新しい日常Ⅰ
「まさか、そんなことが起きていたとはな……」
陰陽寮の術師、賀茂成明と面会した翌日。霞のことを心配して訪ねてきた桑名さんは、目を白黒させて驚いていた。
「霞さんには申し訳なかったが、この件は京弥に任せて正解だったな。他の者では命を落としていたかもしれん」
「今回の件はイレギュラーでしょうからね。もうこんなことはないと思います」
願望も込めてそう言い切る。妖怪や魔物の末裔で構成されたコミュニティは星の数ほどあるが、人を害してまで主張を通そうとする過激派はほんの一握りだし、基本的にそういった組織は陰陽寮が監視しているのだという。

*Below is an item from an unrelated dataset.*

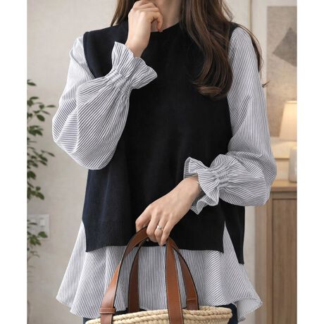 ニットベスト付きブラウス

「とりあえずは一安心といったところだな。後は記憶の封印だが……」
そこで言葉を切ると、桑名さんはいい笑顔を浮かべた。
「そこは京弥に任せておけばいい。なんと言っても、この地が誇る錬金術師だからな」
「はい、そのつもりです」
桑名さんの大仰な売り文句を受けて、霞は素直に頷いた。その反応に驚いたのか、桑名さんは面白そうに霞を見つめた。
「ふむ……一週間前に比べて、随分と表情が明るくなったな。いいことだ」
そして、ふと気付いたように口を開く。
「それで、今後はどうするね? もし霞さんが希望するなら、宿泊先として女性用のシェルターなどを紹介することもできるが」
「え?」
その提案は予想外だったのか、霞はきょとんとしていた。言われてみれば、うちの工房に彼女を匿ったのは陰陽術師に狙われて危険だったからだ。その問題が解決した以上、桑名さんの伝手を当たることもできるだろう。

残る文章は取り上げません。